KPMG is supervising the CVA process and will be leading discussions
with the
landlords. The CVA is expected to take approximately 17 days to
complete.
Other than certain
landlords, the CVA will not impact any other party
associated with Travelodge. There will be no impact on the operational
running
of the business, all of Travelodge’s hotels will continue to operate
normally,
all suppliers will continue to be paid as normal and customers will
experience
no changes to bookings.
Under the terms of the proposed CVA:
- The vast majority of hotels (347
hotels and 70% of the estate) will be
untouched and 109 hotels (22% of the estate) will remain part of the
business
going forward but will be subject to a rent reduction following
completion of
the CVA
- Unfortunately, following a full
assessment, Travelodge has found that it is
no longer viable to operate 49 hotels (8% of the estate).
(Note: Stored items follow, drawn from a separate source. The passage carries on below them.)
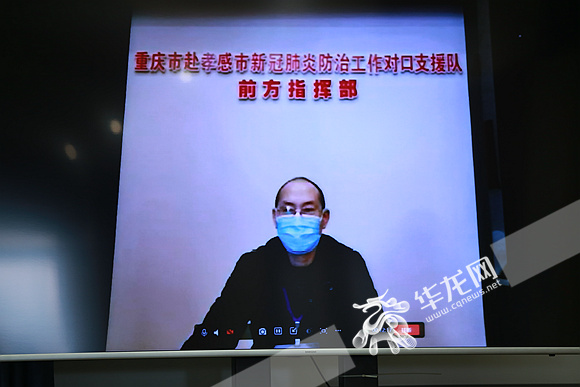 陳懇視頻連線介紹重慶市支援孝感醫(yī)療隊(duì)前線工作情況。華龍網(wǎng)-新重慶客戶端記者 李裕錕 攝
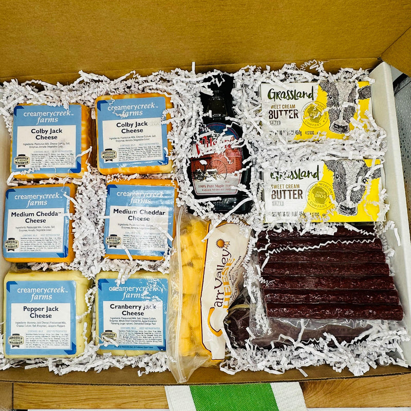 Try our Wisconsin raised dry aged beef, well marbled Duroc pork, or creamy Wisconsin dairy today.
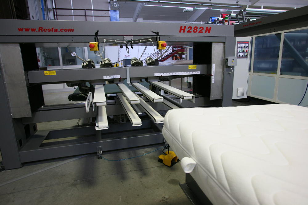 The Resta H282 N filling machine allows quickly bagging any type of mattress such as spring, resin and latex mattresses. Eight towing elements with wide straps ensure perfect insertion of the mattress inside the bag that wraps it. A motorized conveyor at the machine inlet ensures perfect mattress insertion at the straps mouth.
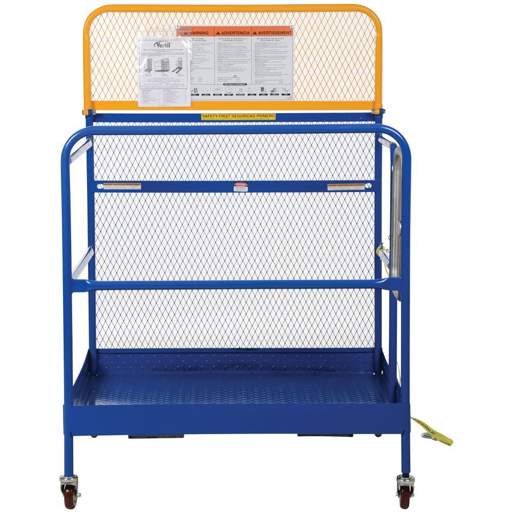 This Vestil Work Platform allows you to quickly and safely raise maintenance personnel using a forklift. Simply insert forklift forks into the Work Platform's fork pockets, secure the platform to the forklift, and you're ready to go! The tine lock must be engaged to secure platform to forks. The Vestil Work Platform features dual handrails on three sides, expanded metal backing on the fourth side, a checker floor plate platform, and a long strap with hook to attach the platform to forklift. The compact size allows you to maneuver into smaller spaces. A maximum of two people can be in the work platform at one time. Meets California OSHA specifications. This unit also includes casters for easy transportation.
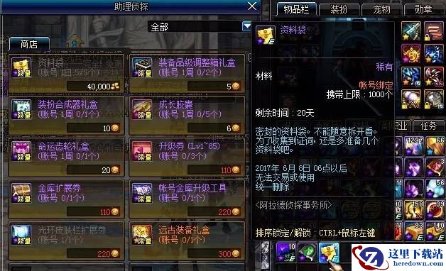 6、如下图所示就是资料袋了,注意道具是由时间限制的,时间为20天。
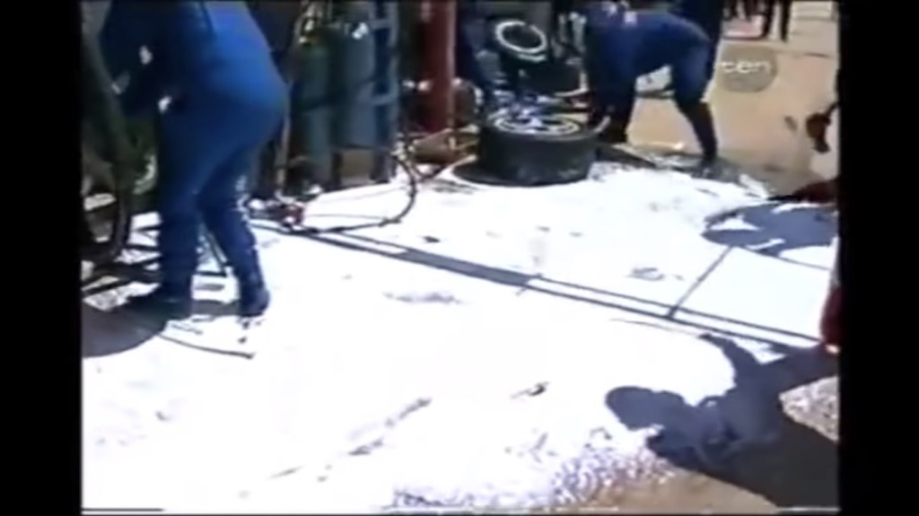 Supposedly when T8 put the wheel on a few laps prior, it either wasn’t attached properly, or suffered a wheel clip failure, which also broke the hub on the right front, and dislodged the tyre rather spectacularly on the pit straight, forcing PD to do an entire lap on 3 wheels.

The Company
will work
closely with the landlords to identify new operators for these hotels
and
currently envisages no hotel closures or job losses.
Commenting on
today’s announcement, Grant Hearn, CEO, said:
“The financial restructuring, including the CVA, will leave Travelodge
in a
much stronger position going forward and will ensure a long-term,
sustainable
future for the business. Once this joint process is completed,
Travelodge’s
debt, interest costs and lease liabilities will be significantly
reduced. This
new appropriate level will provide greater security for our staff,
suppliers,
landlords and developers. This is a successful brand with millions of
customers
and the Company will emerge in excellent shape from this process.”
A spokesperson from GoldenTree Asset Management, said:
“We are pleased to have agreed upon a financial restructuring for this
business. Travelodge is an excellent company with great management and
employees, and this action will secure the future of the Company for
the
long-term.”
A spokesperson from Avenue Capital Group, added:
“We believe that this financial restructuring, along with the CVA
process, will
enable Travelodge to emerge as a stronger business and to take
advantage of the
great opportunities available to it as the UK's leading budget hotel
operator.”
About Travelodge
The first budget hotel brand to launch in the UK in 1985, Over 13
million
people stayed with Travelodge last year and 90% of reservations are
currently
made online at www.travelodge.co.uk, where room rates start at
£19 per night.
About Golden Tree Asset
Management
GoldenTree Asset Management is one of the largest independent asset
managers
focused on corporate credit. GoldenTree manages approximately $16
billion of
assets in a variety of absolute return and long only strategies. The
firm
operates out of offices in New York and London and invests primarily in
corporate credit markets across a broad range debt instruments such as
leveraged loans, high yield bonds, structured credit, and distressed
debt.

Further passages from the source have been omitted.